Da war im Frühjahr der mäßige Sex mit einem Mann und im Juni der überirdische Sex mit einem anderen. Aber niemand mag sich alternde Leute beim Sex vorstellen, egal wie der war. Außerdem würde es so aussehen, als hätte ich ein regelmäßiges Sexleben und das kann man nun wirklich nicht sagen. Irgendwann schreibe ich vielleicht mal darüber, wie es so ist, seine sexpositive Seite erst als Frau über 45 zu entdecken, aber nicht heute.

Da waren zwei depressive Episoden, die mir zusammengenommen ungefähr vier Monate des Jahres geraubt haben. Habe ich schon genug drüber in den sozialen Medien geschrieben, muss nicht nochmal sein. Irgendwann schreibe ich vielleicht mal darüber, wie man sich selbst im Auge behält, wenn man zu Depression und Angstsymptomatik neigt, aber nicht heute.

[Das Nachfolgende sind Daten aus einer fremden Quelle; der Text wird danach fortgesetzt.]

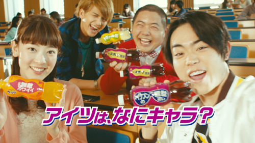 「グレープ」、「オレンジ」、「レモン+C」の基幹フレーバーで展開される「ファンタ」みんなのキャラボトルを使って仲間をキャラづけする“ノリノリ大学生”菅田将暉にご注目しちゃって!
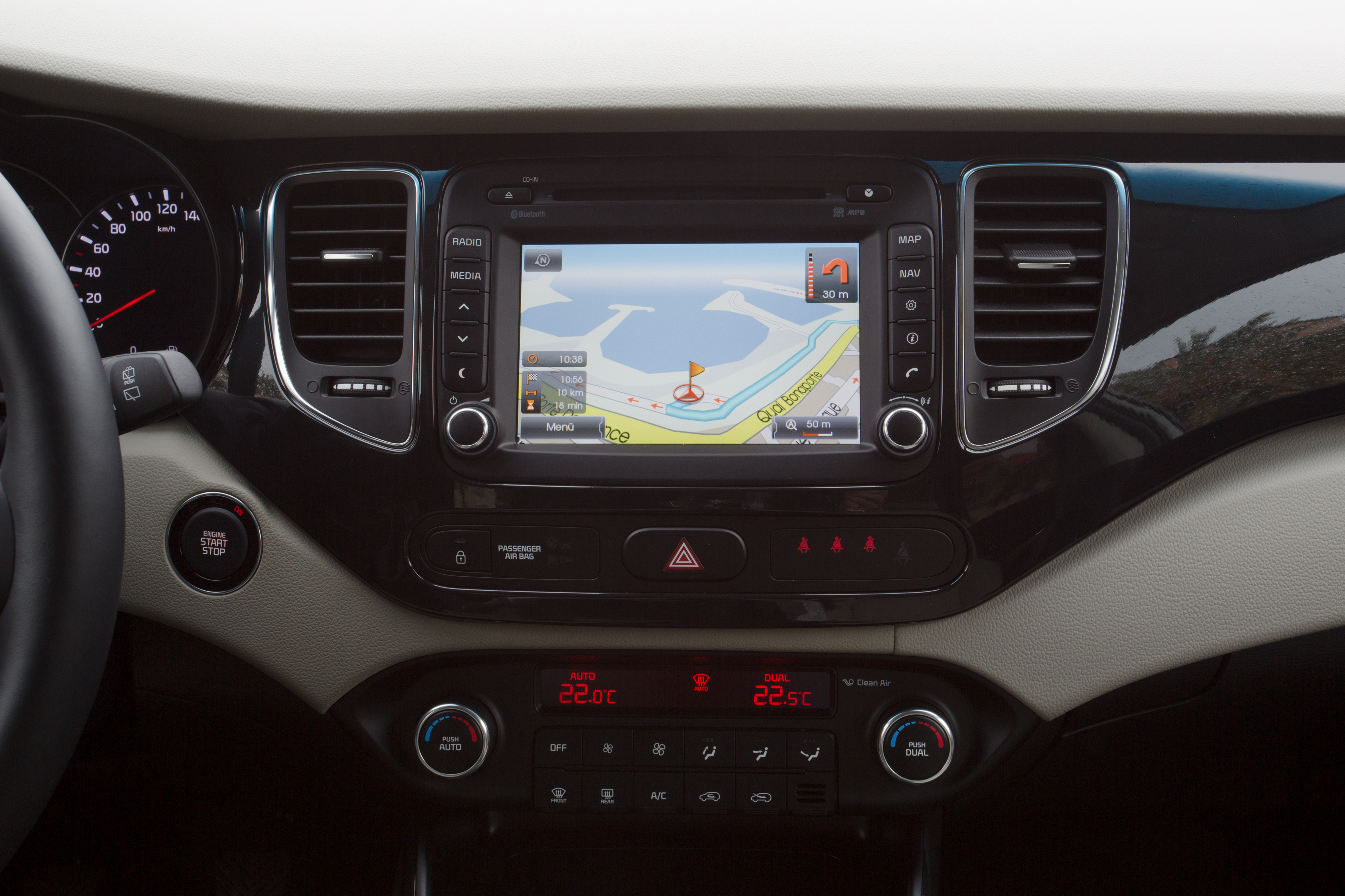 In keeping with the brand’s stylistic direction, the new Kia Carens boasts an elegant, sporty design, thanks in particular to its receding roofline, which sets it apart from the competition. Beneath its bold, dynamic lines, Kia’s new MPV offers a comfortable, spacious and functional interior for up to 7 people.

Da ist der erste Fall meines Meisterdetektivs Skarabäus Lampe, “Das Strahlen des Herrn Helios”, erschienen, aber Interesse und Buchkäufe blieben weit hinter meinen Erwartungen zurück, so dass ich vor allem finanzielle Sorgen empfinde, wenig Freude. Irgendwann schreibe ich vielleicht mal darüber, wie falsch der Eindruck ist, dass jemand, der ein Buch schreibt, irgendwie berühmt und damit wohlhabend ist, aber nicht heute.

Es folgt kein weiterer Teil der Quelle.